Zacharias Janssen, un óptico holandés, inventó en 1608 el microscopio, pero la naturaleza patógena y potencialmente letal de las “partículas” microscópicas no fue descubierta hasta bastante después. Le relataré un caso histórico revelador de ese desconocimiento: a la altura de 1840, las parturientas de una sala concreta en un hospital vienés fallecían masivamente de sepsis. Aquella elevada mortandad angustió a un miembro del equipo, el doctor Semmelweis.

Obsesionado, barajó diferencias entre las condiciones de esa sala y las del resto, como la orientación de las camas, la posición en la que las mujeres yacían y hasta motivos psicológicos: el sacerdote que administraba la extrema unción, acompañado de un acólito que tocaba la campanilla, solía cruzar la estancia de marras para abandonar el hospital, lo que en su opinión, podría inducir en las mujeres un trance terrorífico coadyuvante de la fiebre puerperal con solo escuchar el tintineo lejano. Semmelweis suprimió esas diferencias respecto de las demás salas, incluidas la campanilla y modificó el itinerario del cura, pero la alta mortandad persistió. Poco después, un colega que en una autopsia se había lesionado con el escalpelo, murió con síntomas equivalentes a los de las parturientas. Aunque aún no se había descubierto el rol de los microorganismos en tales infecciones, Semmelweis concluyó que la causa de la alta mortalidad en esa sala era que las mujeres hubiesen sido atendidas por estudiantes provenientes directamente de la sala de disecciones tras un lavado superficial de manos. Ha dicho uff, ¿verdad?

No vaya usted a creer que la explicación del lavado de manos y la recomendación de lavárselas fueron aceptadas sin resistencias.
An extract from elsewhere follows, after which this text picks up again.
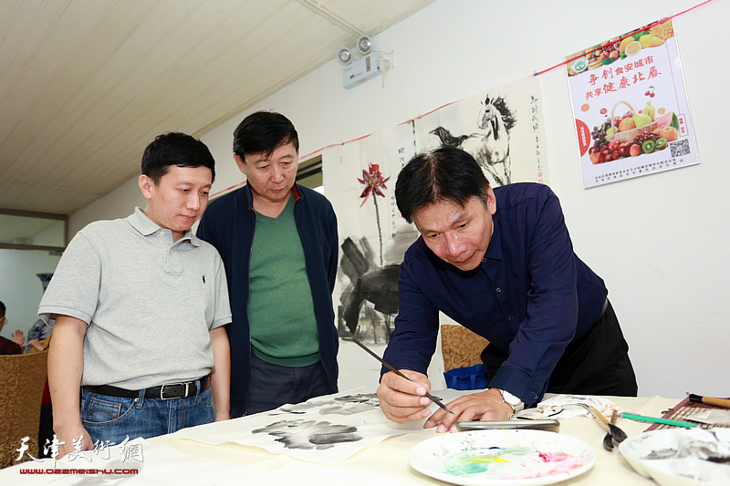 韩祖音、刘荣生、仝福东在活动现场挥毫创作。

En 1879, al propio Pasteur, en un seminario de la Academia de Medicina de Francia, estas afirmaciones le costaron enfrentarse a sus colegas: lo que mata a las mujeres de fiebre de parto son ustedes, los doctores que llevan microbios de una mujer enferma a otra sana (…) las esponjas con que lavan y cubren las heridas, pueden contener gérmenes que se multiplican dentro de los tejidos (…) Si yo tuviera el honor de ser cirujano, me lavaría las manos con el mayor cuidado, les espetó.
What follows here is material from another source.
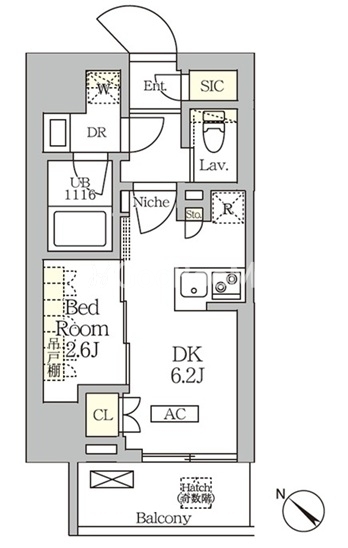 | 間取り | 1DK | 専有面積 | 25.16㎡ |

Verá, no es que los médicos fueran “guarretes”, sino que entonces los malignos microbios acababan de ser descubiertos y todo lo relacionado con ellos aún sonaba sospechoso. Ahora los microbios, las bacterias y los virus forman parte incluso de la cosmovisión de los legos (salvo de los negacionistas del coronavirus), pero en el siglo XIX su existencia todavía era discutida y causaba comprensible incredulidad entre la comunidad médica. Por otro lado, no pierda de vista que en aquellos años el agua corriente no era de ningún modo “corriente”, sino inusual. La mayoría de las viviendas carecían de saneamiento (eche la vista atrás, tal vez no tenga que ir lejos en la historia familiar) y los hospitales no disponían de lavamanos en las salas, por no hablar del frío del agua -casi helada- en invierno. Las cosas han cambiado mucho y a mejor en Estados Unidos, Europa y España, no así en el resto del mundo.
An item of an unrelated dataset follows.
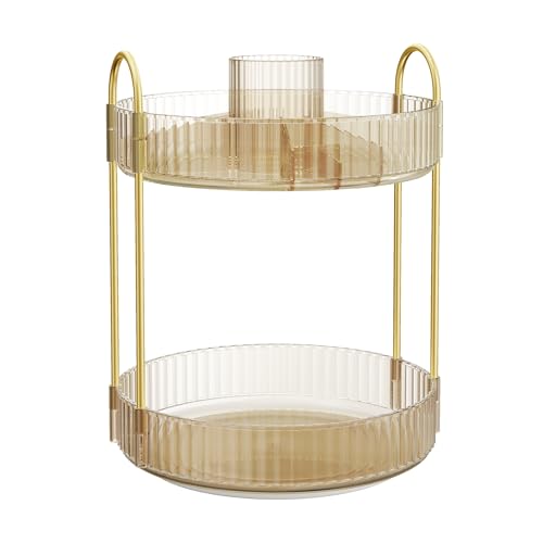 SONGMICS Makeup Organizer Roterande Kosmetisk Organizer Rund 2 Nivåer Kosmetisk förvaring Justerbart Sminkbord Presentidé Champagne Guld JKA012A01

Y digo yo…pudiendo usted ahorrarse una enfermedad y ahorrársela al prójimo, ¿por qué no se da el baratísimo lujo (pero enorme privilegio internacional) de lavarse las manos? No me sea decimonónico y siga este procedimiento óptimo:

  1. Mójese las manos con agua corriente. 
  2. Aplique jabón en cantidad apropiada para cubrirlas.
  3. Frote todas sus superficies (palma, dorso, entre los dedos, debajo de las uñas y el gran olvidado: el pulgar) durante al menos 30 segundos, duración equivalente a cantar la coplilla Cumpleaños Feliz dos veces seguidas (truco para lo críos).
  4. Enjuague bien con agua corriente.
  5. Séquese las manos con un paño limpio, preferiblemente toalla de un solo uso; secarse es importante porque en la humedad podría  fácilmente recoger y trasladar gérmenes.
  6. La solución hidroalcohólica no sustituye el lavado de manos, no es tan eficaz, pero si no puede lavárselas, al menos, recurra a ella.